И в конце концов узнал.
Не удалось злой мачехе-судьбе убить у недавнего ремесленника негаснущую мечту о дальнейшем образовании! В 1899 году, шестнадцатилетним подростком, он сдал вступительные экзамены и был зачислен в Паневежскую учительскую семинарию! Учился, отказывая себе во всем, благополучно дошел до последнего, выпускного класса. Но незадолго до окончания был с треском вышиблен из семинарии «за сомнения в религии» и за участие в работе кружка революционной молодежи!
Ничего, и это перетерпел. Значит, не зря жизнь обкатывала, учила терпению и упорству. Засел за учебники и сдал экстерном экзамены за полный курс семинарии, на аттестат учителя начальной школы.
Наконец-то вздохнул с облегчением: направили помощником учителя в местечко Новое Место, в Литву. Однако, оказалось, что направить можно, не возбраняется и детей учить, и в то же время бдительного ока начальства с бывшего крамольного семинариста спускать не следует. И не спускали. Настолько, что чуть было там, в Новом Месте, не арестовали за антисамодержавную крамолу. Спасли от ареста лишь революционные события 1905 года: постарались без лишнего шума спровадить из Литвы в Минскую губернию, в деревню Бытча, недалеко от Борисова. Там и продолжал Иван Михайлович учить грамоте деревенских ребят до тех пор, пока год спустя полиция не «накрыла» и не «замела» участников нелегального съезда учителей, организованного тоже учителем, Константином Михайловичем Мицкевичем. В ту пору и познакомились, и подружились они: будущий белорусский народный поэт Якуб Колас и будущий известный белорусский детский писатель Янка Мавр.
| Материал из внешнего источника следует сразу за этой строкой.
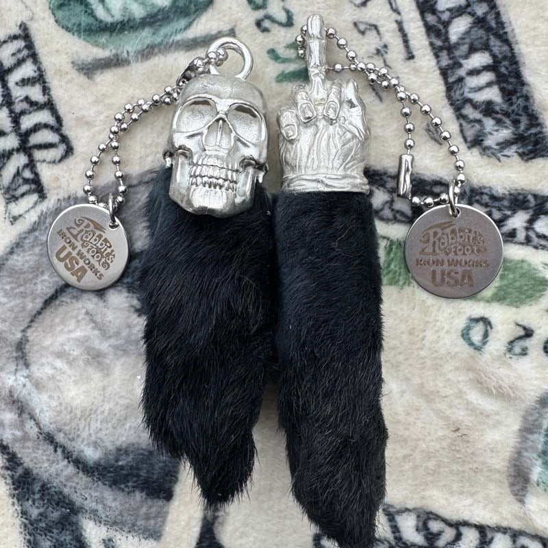 幸運を招くお守り 本物のウサギの足を使ったラッキーラビットフット キーチェーン、FUCK YOU/Black Lucky Rabbit’s Foot Key Chain Lucky Charm Keyholder
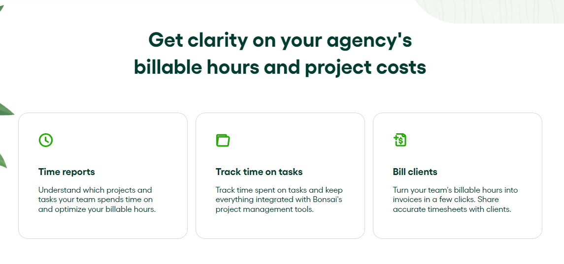 Bonsai offre de nombreuses fonctionnalités, notamment un logiciel CRM, un produit de gestion financière, un outil de suivi du temps et un outil de gestion des sous-traitants. Combinées, ces fonctionnalités sont conçues pour aider votre agence à se développer.
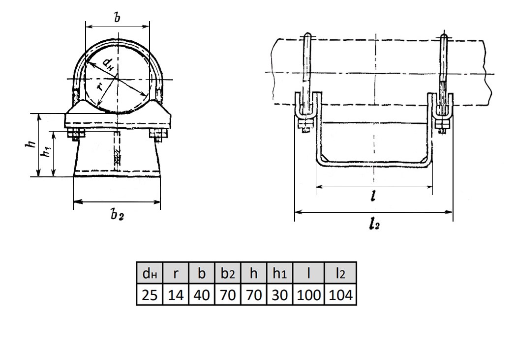 Опора ОПХ1-70.25 Ду 25 мм ГОСТ 14911-82 подвижная
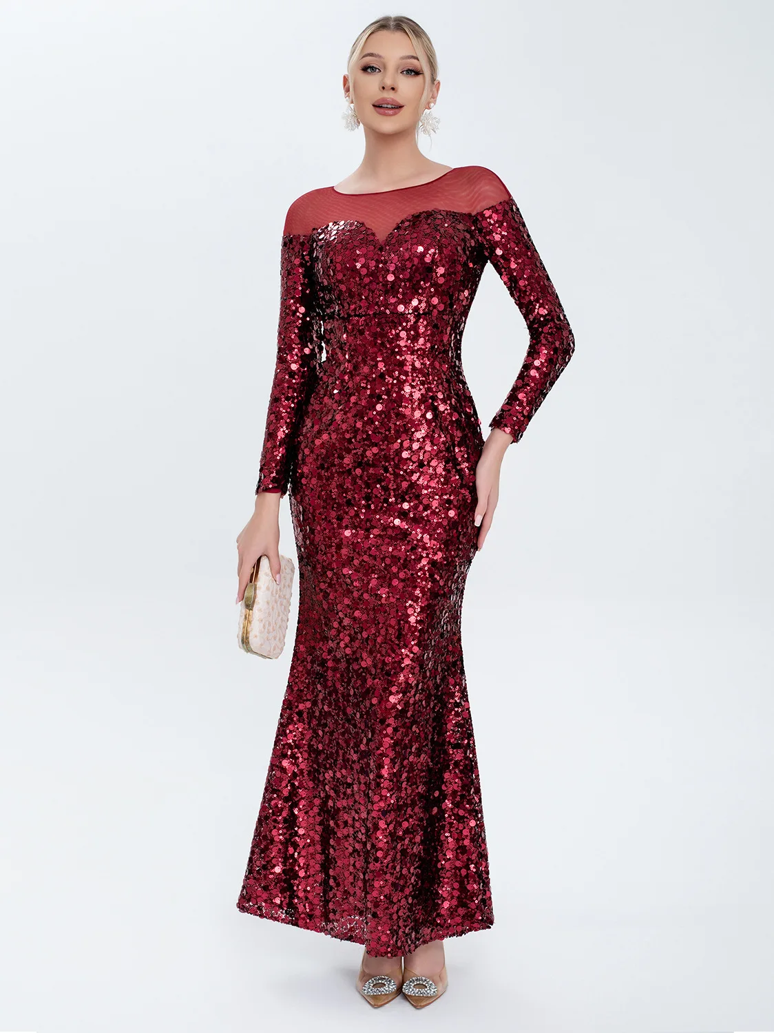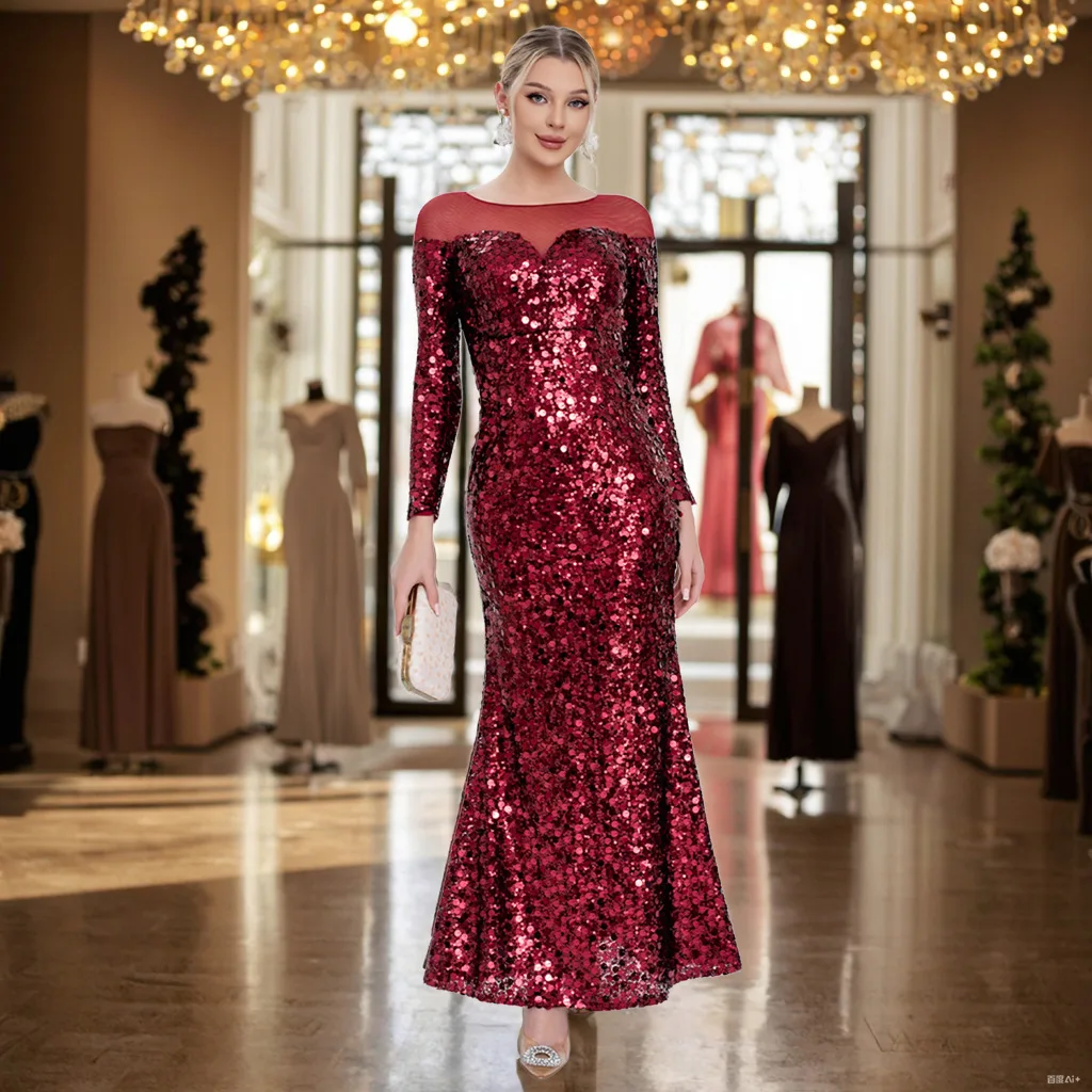 Clothing Manufacturer Pearl Bead Long Sleeve Ladies Evening Gown Sequin Mermaid Dress Women's Party Wear

Первый за организацию съезда угодил в тюрьму, второй, за участие в этом съезде, получил «волчий билет», лишавший его, «неблагонадежного», права преподавать в государственных школах.
Неблагонадежность… Какое унизительное понятие! Долгие пять лет «неблагонадежный» учитель Иван Михайлович Федоров, находившийся под неусыпным полицейским надзором, не мог получить работу хотя бы в самой заштатной, самой отдаленной от городских центров деревенской школе. И только в 1911 году ему не без труда удалось занять место преподавателя истории и географии не в государственной, а в частной торговой школе в Минске. Однако полицейские шпики и их доносчики продолжали слежку и там.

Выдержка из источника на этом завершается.